+++ INFORMATION SUPPLIED +++
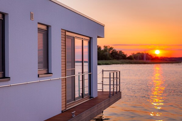 Zijn huisdieren welkom bij Kranichnest Schwimmhaus - Kranichnest Schwimmhaus: lake view, terrace, wood-burning stove?
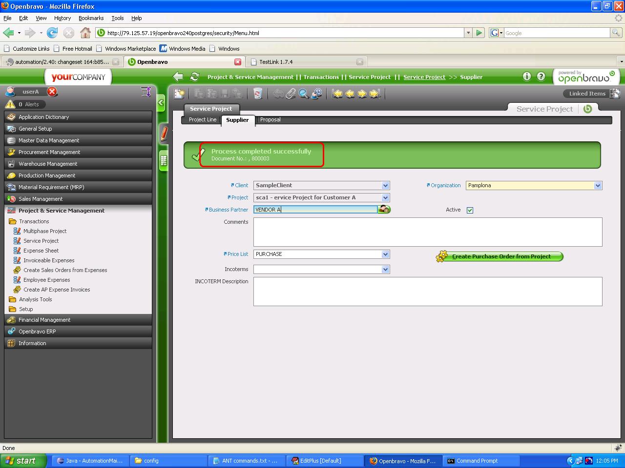 | Steps To Reproduce | # Go to Project & Service Management->Transactions->Service Project # Click New and fill: * Search Key: sca * Name: Service Project for Customer A * Create Temporary Price List: N (un-checked) # Move to Project Line tab. # Click New and fill: * Product: A Final goods * Planned Quantity: 10 * Tax: VAT 3% * Planned Price: 1.75 and verify Planned Amount is 17.5 * Planned Purchase Price: 1.2 # Go back to Service Project tab. # Select Service Project for Customer A and edit: * Business Partner: CUSTOMER A # Verify that: * Partner Address: "Pamplona, Street Customer center nÂș1" * The combo box User/Contact must have the value: Alfred * Price list: CUSTOMER A * Form of payment: Money Order * Payment terms: 30 days, 5 # Select: * Sales Representative: Eduard # Save and click on Change Project Status button and select Order. # Verify that: * Project Status is Order. * Price List is CUSTOMER A. # Move to Supplier tab. # Click New and fill: * Business partner: Vendor A # Verify that Price List is PURCHASE. # Save and click on Create Purchase Order from Project. Purchase order is completed. Process completed successfully message is displayed in the first line. A comma followed by document number is displayed in the second line. | |||||||
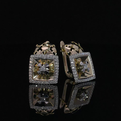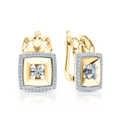 Серьги с 2 бриллиантами природными, 0.11 карат, огранка круг 57 граней, цвет 3, чистота 6, тип огранки А; 72 бриллиантами природными, 0.31 карат, огранка круг 57 граней, цвет 3, чистота 6, тип огранки А; Желтое и белое золото 585 пробы.
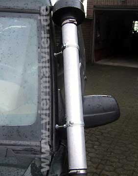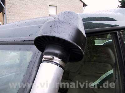 Persönlich möchte ich noch ein paar Punkte aus meiner Erfahrung zu diesem Umbau ergänzen. Die A-Säule ist an der Innenseite mit Verstärkungen versehen. Diese sollten beim Bohren „erwischt“ werden, weil dort mehr Material vorhanden ist und der Originalschnorchel auch dort befestigt wird. Vor dem Bohren mit einem TÜV Ingenieur reden: bei der nächsten HU könnte bemängelt werden, das die A-Säule geschwächt wurde. Anstatt Silikon besser Karosseriedichtmasse verwenden, da diese UV- beständiger ist und das Aluminium nicht angreift. Silikon härtet meistens auf Basis von Essigsäure aus und diese greift das Aluminium an.
+++
● **BRIEF**
Give back the full data exactly as it reads, but drop the pictures.

● **ANSWER SPACE**
 Zijn huisdieren welkom bij Kranichnest Schwimmhaus - Kranichnest Schwimmhaus: lake view, terrace, wood-burning stove?
 | Steps To Reproduce | # Go to Project & Service Management->Transactions->Service Project # Click New and fill: * Search Key: sca * Name: Service Project for Customer A * Create Temporary Price List: N (un-checked) # Move to Project Line tab. # Click New and fill: * Product: A Final goods * Planned Quantity: 10 * Tax: VAT 3% * Planned Price: 1.75 and verify Planned Amount is 17.5 * Planned Purchase Price: 1.2 # Go back to Service Project tab. # Select Service Project for Customer A and edit: * Business Partner: CUSTOMER A # Verify that: * Partner Address: "Pamplona, Street Customer center nÂș1" * The combo box User/Contact must have the value: Alfred * Price list: CUSTOMER A * Form of payment: Money Order * Payment terms: 30 days, 5 # Select: * Sales Representative: Eduard # Save and click on Change Project Status button and select Order. # Verify that: * Project Status is Order. * Price List is CUSTOMER A. # Move to Supplier tab. # Click New and fill: * Business partner: Vendor A # Verify that Price List is PURCHASE. # Save and click on Create Purchase Order from Project. Purchase order is completed. Process completed successfully message is displayed in the first line. A comma followed by document number is displayed in the second line. | |||||||
 Серьги с 2 бриллиантами природными, 0.11 карат, огранка круг 57 граней, цвет 3, чистота 6, тип огранки А; 72 бриллиантами природными, 0.31 карат, огранка круг 57 граней, цвет 3, чистота 6, тип огранки А; Желтое и белое золото 585 пробы.
 Persönlich möchte ich noch ein paar Punkte aus meiner Erfahrung zu diesem Umbau ergänzen. Die A-Säule ist an der Innenseite mit Verstärkungen versehen. Diese sollten beim Bohren „erwischt“ werden, weil dort mehr Material vorhanden ist und der Originalschnorchel auch dort befestigt wird. Vor dem Bohren mit einem TÜV Ingenieur reden: bei der nächsten HU könnte bemängelt werden, das die A-Säule geschwächt wurde. Anstatt Silikon besser Karosseriedichtmasse verwenden, da diese UV- beständiger ist und das Aluminium nicht angreift. Silikon härtet meistens auf Basis von Essigsäure aus und diese greift das Aluminium an.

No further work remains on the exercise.